▶ _Problem details_: The string "Isselt" appears in some lines of the entries that follow; copy each such line.

▶ _Dataset records_:

..............................

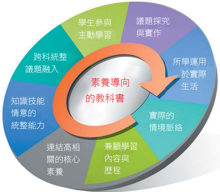
圖 2 素養導向教科書編寫原則及構念
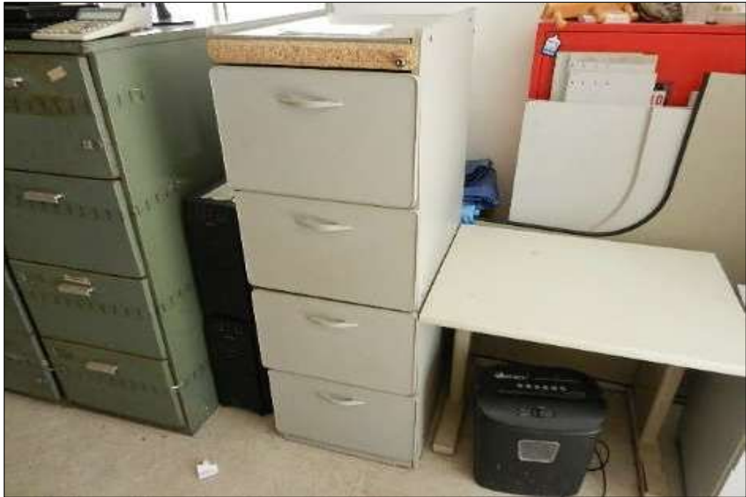
ITEM 1,020 – VISTA DO ARQUIVO EM MADEIRA COM 4 GAVETAS
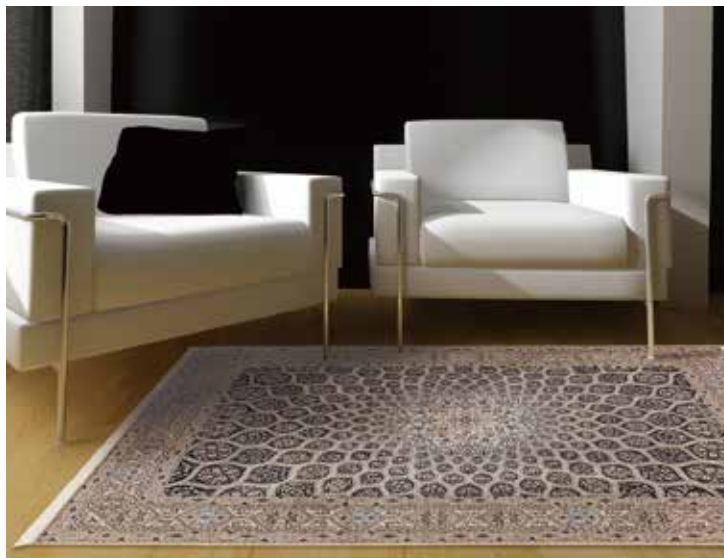
ペルシャ絨毯ナイン産 組成／毛100% サイズ／約177×258cm 特別価格 税込 1,815,000円 #3025
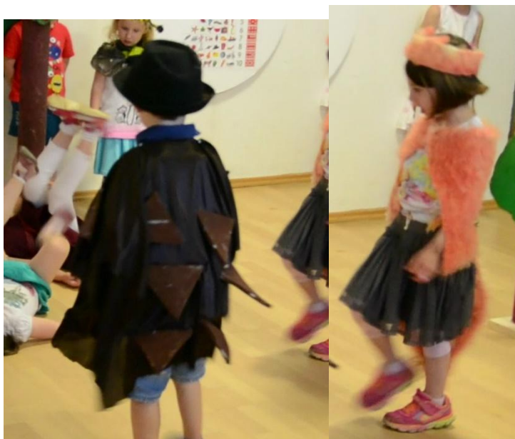
Slika 20. Kostimi – jež i lisica
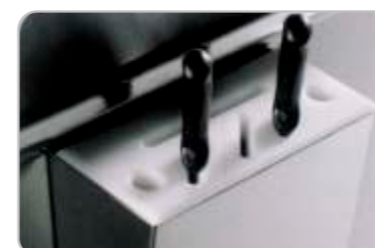
Suport cuțite Knives holder
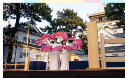
小倉城 新能2021 ベトナム民族舞踊
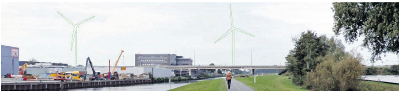
Het college wil alleen verder met het plan voor twee windturbines op Isselt als de nieuwe landelijke regels worden gevolgd.

Meer informatie over Wind op Isselt staat op amersfoort.nl/wind-op-isselt .
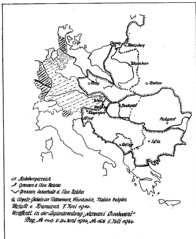
Karte des Slawischen Reiches von Kramarsch.
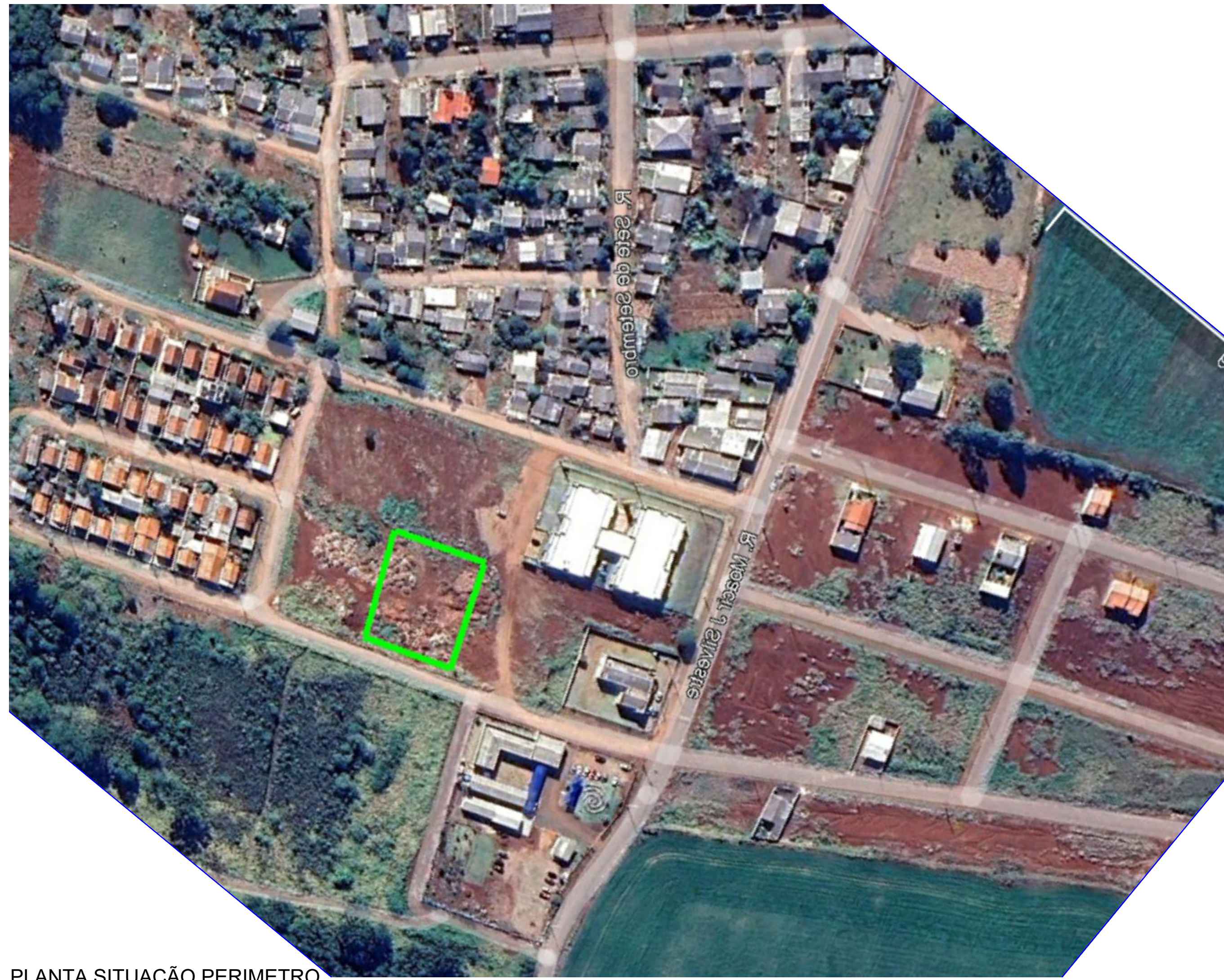
PLANTA SITUAÇÃO PERIMETRO. Escala Sem Escala.

..............................

▶ _Output_:
Het college wil alleen verder met het plan voor twee windturbines op Isselt als de nieuwe landelijke regels worden gevolgd.
Meer informatie over Wind op Isselt staat op amersfoort.nl/wind-op-isselt .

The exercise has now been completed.